Trent Mankelow of Optimal Usability gave a great overview of self service usability. He said SS technology should be so intuitive that we don't even notice it, like automatic doors. SS technology should:

  • save the owner heaps
  • give customer a sense of power and control
  • give customer extra benefits and incentives
  • match the technology to the need, e.g. either a kiosk, IVR (For share prices, press 1) or voice activation (For trading, say Trading) or egov online.

Anna Crooks of 3months.com reminded us that participation in e-government is not a given. It's an undreamt of privilege in countries ruled by dictators and the mob, which she saw in recent travels to Libya and Nairobi. Let's not be blase about Web 2.0 in government. Web 2.0 has huge customer service benefits but carries obligations and responsibilities."

Mark Orange of Intergen spoke about the evolution of enterprise content management. It was great to see how web content management fits into the big picture.

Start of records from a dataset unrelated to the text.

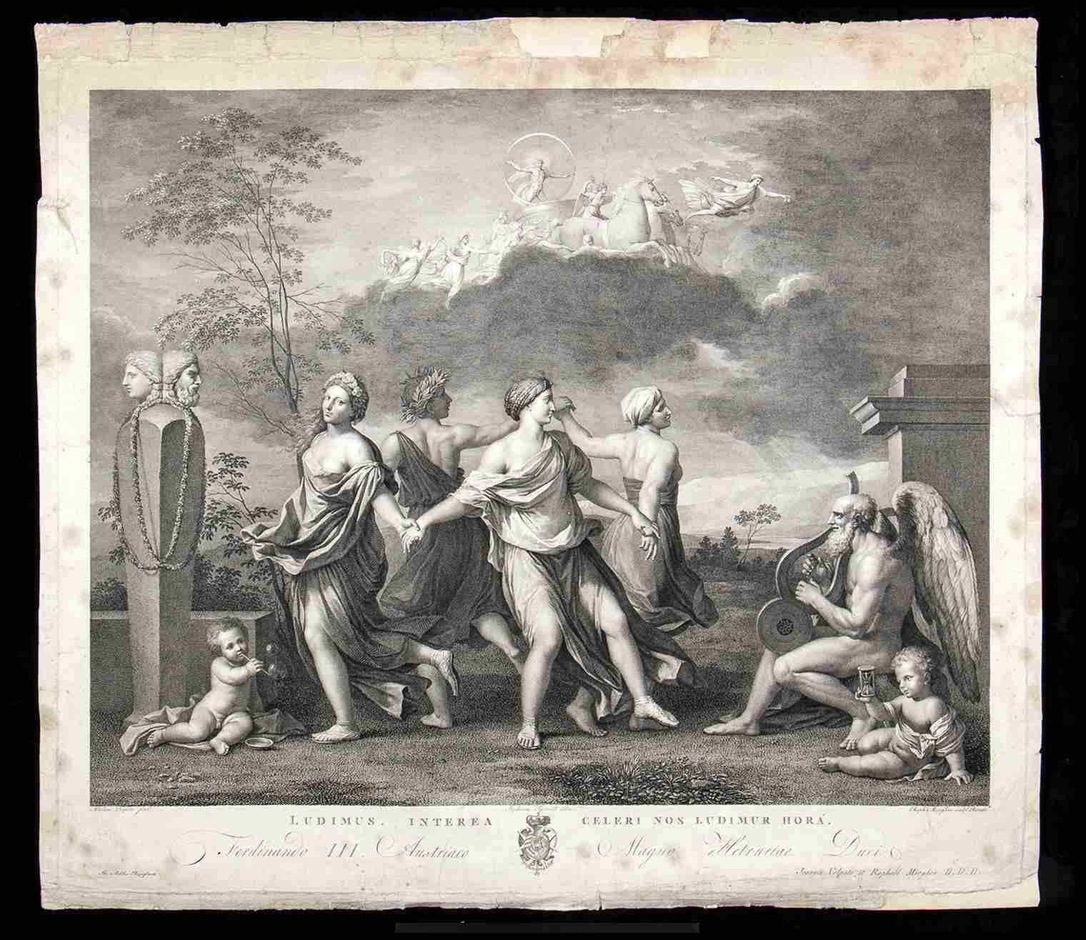 La danza delle Ore: "Ludimus. Interea celeri nos ludimor hora" acquaforte di Stafano Tofanelli (1752-1812), da un dipinto di Nicolas Poussin, oggi nella Wallace Collection di Londra, stampata da Raffaello Morghen (1758-1833) a Roma, 1787. Bellissima rappresentazione delle Ore raffigurate come giovani danzanti di fronte alle Età della vita, un'erma bifronte e un vecchio alato che suona la lira, mentre due puttini seduti in basso giocano uno con delle bolle di sapone e l'altro con la clessidra, a significare la fugacità del tempo e delle cose terrene. Sovrasta la scena il magnifico carro di Apollo con il cerchio del Sole, che simboleggia il movimento costante dell'Universo. Buone condizioni generali con restauri e mancanze ai bordi; mm 650x565
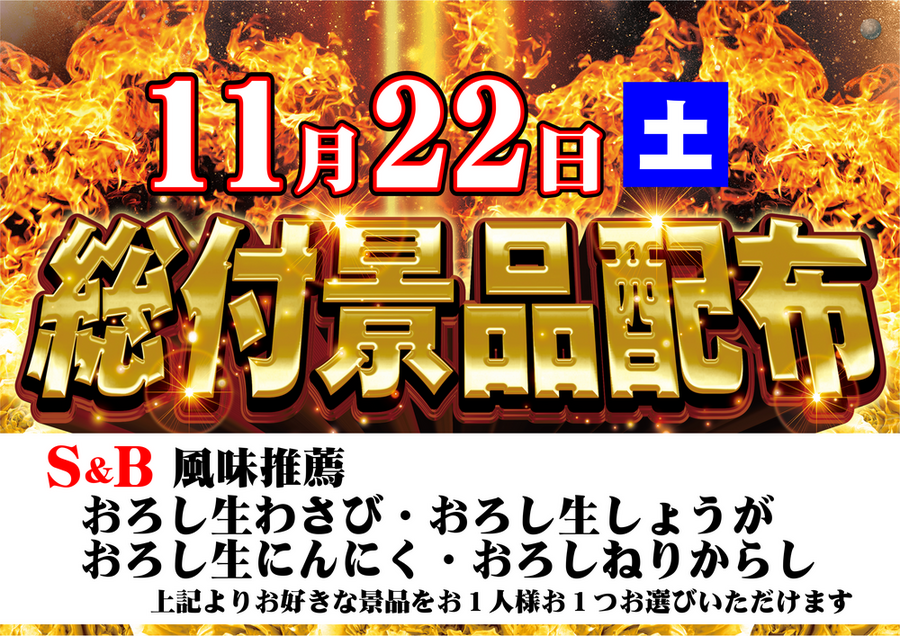 S&B 風味推薦 おろし生わさび おろし生しょうが おろし生にんにく おろしねりからし を配布致します 上記より、お好きな景品をお選びいたいただけます。 ※お1人様おひとつまでとなります。 皆様のご来店を お待ち致しております
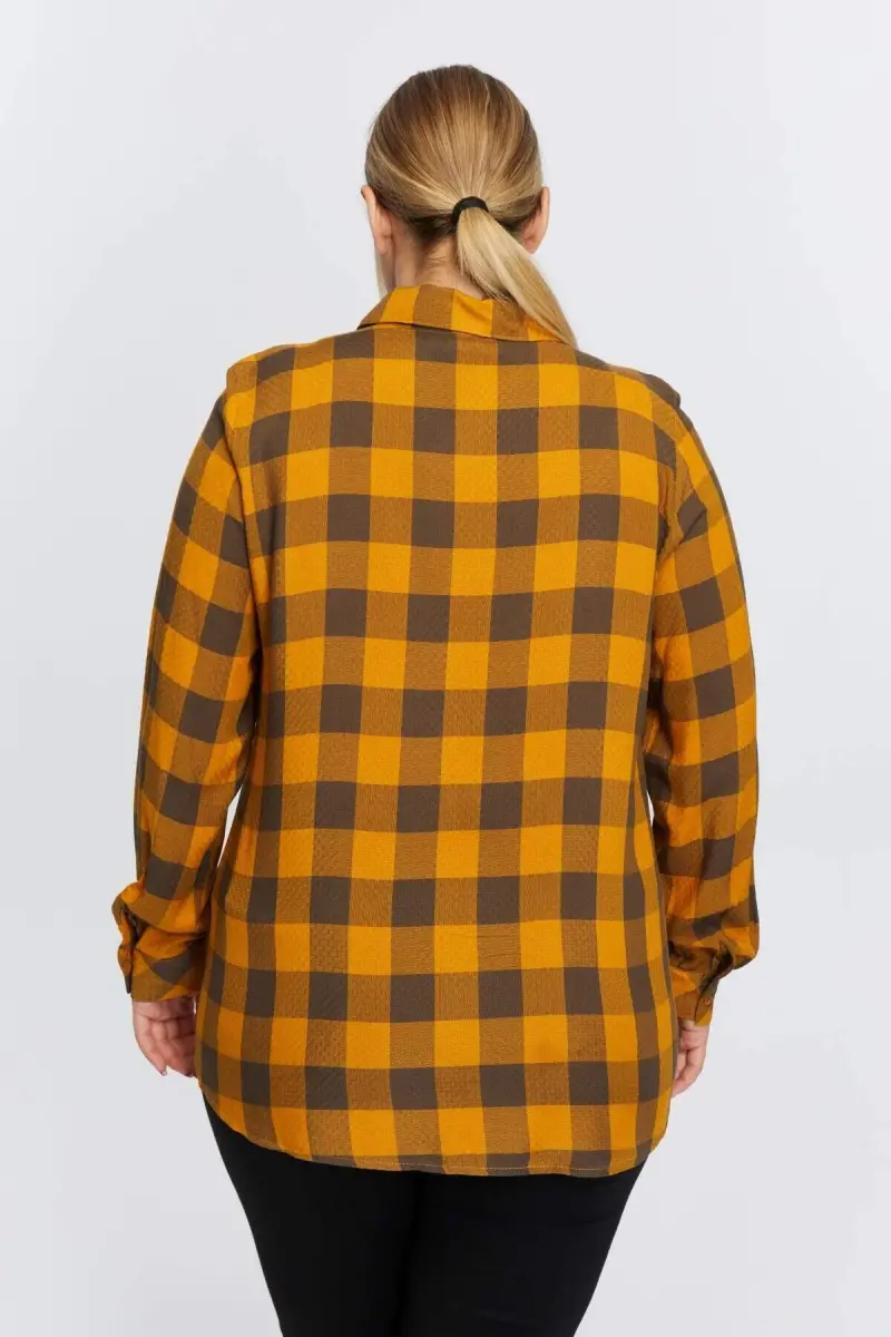 Katta o'lchamdagi katakli ko'ylak - Xantal rangi
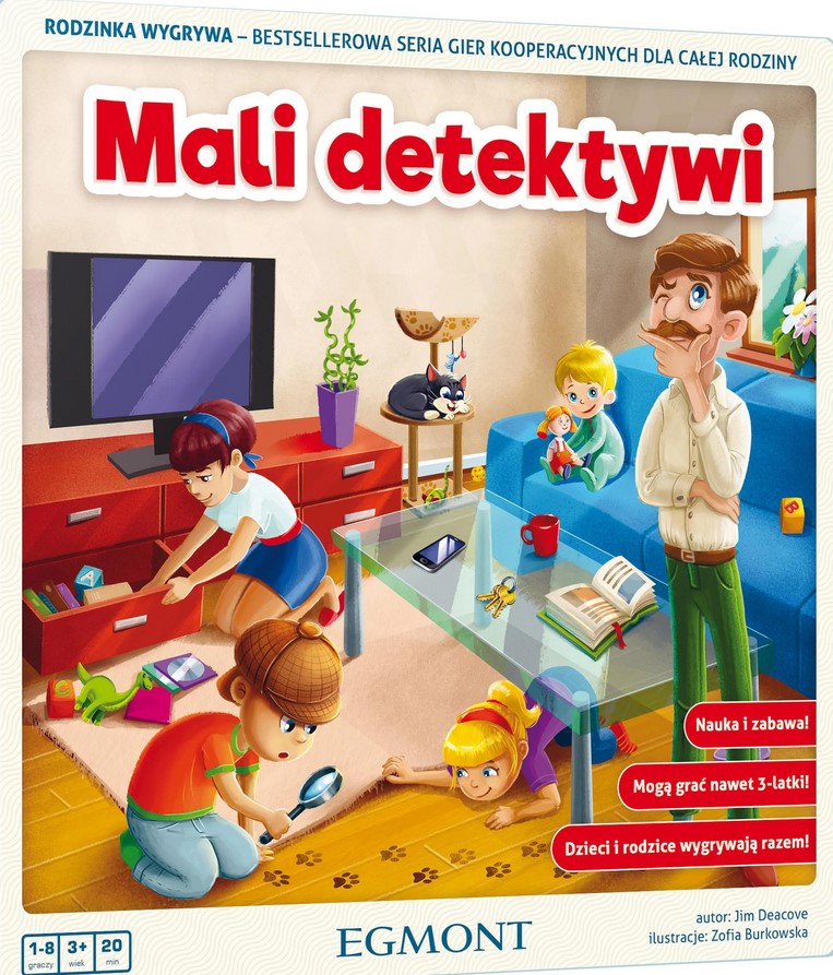 Mali detektywi / autor: Jim Deacove ; ilustracje: Zofia Burkowska. - Warszawa : Egmont, © 2016. - 1 pudełko (plansza, 1 drewniany znacznik skrzyni, 1 nalepka na skrzynię, 1 wskazówka zegara, 12 żetonów zegara, 24 żetony przedmiotów (12 par), instrukcja) ; 26x26x3 cm.

ECM is an outrageously bold concept that is now a red-hot reality and a multi-billion market. In other words, it's a giant system of databases that replaces archives, trolleys, telegrams.

ECM is the technologies used to capture, manage, store, preserve and deliver content and documents related to organisational processes. That applies to an organisation's unstructured information wherever it exists.

Jason Dawson reported on the challenges and triumphs of local government web sites in the UK and Ireland, with plenty of screenshots. He capped that off by showing us how Northland Regional Council used its web site to cope with the floods of 2007: practical advice from one who knows.

Tauranga City Council's Vicky Wheelton and Elizabeth Hughes showed us their radical new website, dominated by search. Results speak volumes: users of the new site have doubled since November, many hate the look but everyone finds what they want.

And I galloped through my own presentation in the allocated half hour: how appropriate, when I aim to teach the minimum number of skills to the maximum number of people.

Tip of the day from Trent Mankelow: Always bite off less than you can chew.

Image: the wondrous Evoluent Vertical Mouse 3 (evoluent.com)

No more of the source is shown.